Pipe the Meringues onto the baking sheets – I use a 1cm round tip to make my little Meringue shells – Bake in the oven for 1 & 1/2 hours and then turn the oven off. Leave the Meringues to cool off completely in the oven till the oven is cold! This is very important that you leave them to cool off completely as if you take them out any sooner they will taste amazing, but they won’t crush down and they’d have the Chewy Meringue feel you can get sometimes!
For the Cheesecake
Blitz the biscuits in a food processor to a fine crumb, or mash them up in a bag and add the melted butter – pulse a few times until it is combined well. Tip into a 8″/20cm Deep Springform Tin and press down firmly – chill in the refrigerator whilst you do the rest!

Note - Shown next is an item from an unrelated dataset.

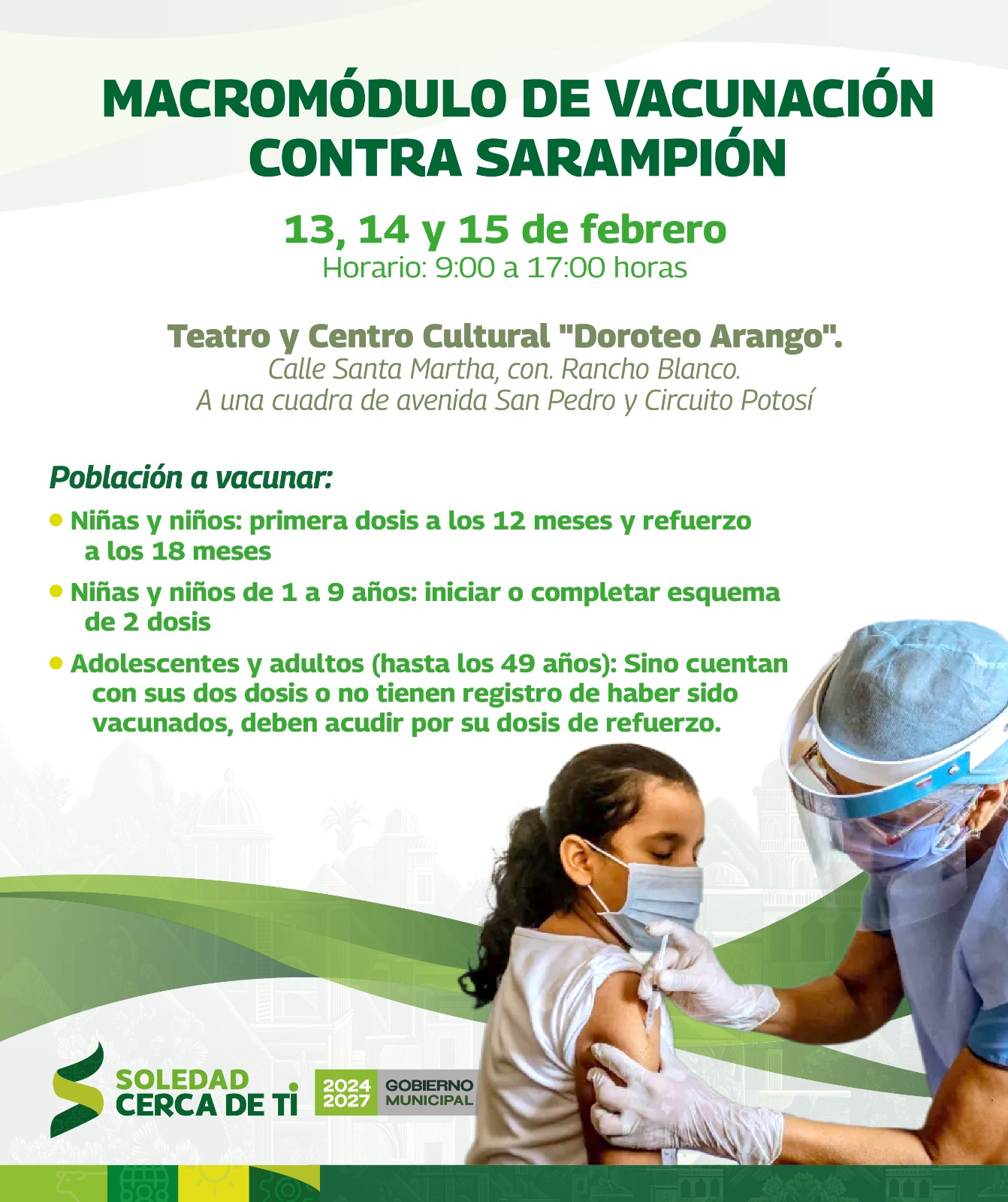 - El Ayuntamiento de Soledad de Graciano Sánchez, en coordinación con la Secretaría de Salud, pone en marcha una jornada de vacunación del 13 al 15 de febrero en el Teatro Doroteo Arango, para reforzar la protección de niñas, niños y personas en riesgo.

With an electric mixer (I used my KitchenAid) Mix the Philadelphia and Icing Sugar together until smooth, it’ll only take a few seconds – whilst whisking slowly, pour in the liquid double cream & Vanilla and continue to Whip the Cream Cheese/Cream Mixture until it is starting to thicken. (Don’t whip it too fast, I whisk it on level 6/10 on my kitchenaid maximum. Too fast and it may split.. better to be slightly under whipped than over whipped!)
Once its thick, fold through the chopped up strawberries. It might look a little odd at first as its quite a moist fruit mixing into a mixture, but be gentle and thorough! Spread onto the biscuit base and spread evenly. Leave to set in the fridge, covered, for 5-6 hours, or preferably over night.
Carefully remove the cheesecake from the tin, and decorate with some whipped creamed and top each swirl of cream with one of your homemade meringues. Put some fresh whole strawberries into the middle of the cheesecake, crush over some meringues, and some freeze dried strawberries! Enjoy!
I personally used Philadelphia Cream Cheese in this recipe as I find it the best Cream Cheese by far and it’s available in nearly every supermarket ever! You can also use Mascarpone, but they both MUST be Full-Fat!
I always set my cheesecakes in the fridge overnight otherwise they risk being a little sloppy still – you’re more likely to get a better result for the longer you leave it
This Cheesecake will last covered in the fridge for 3 days!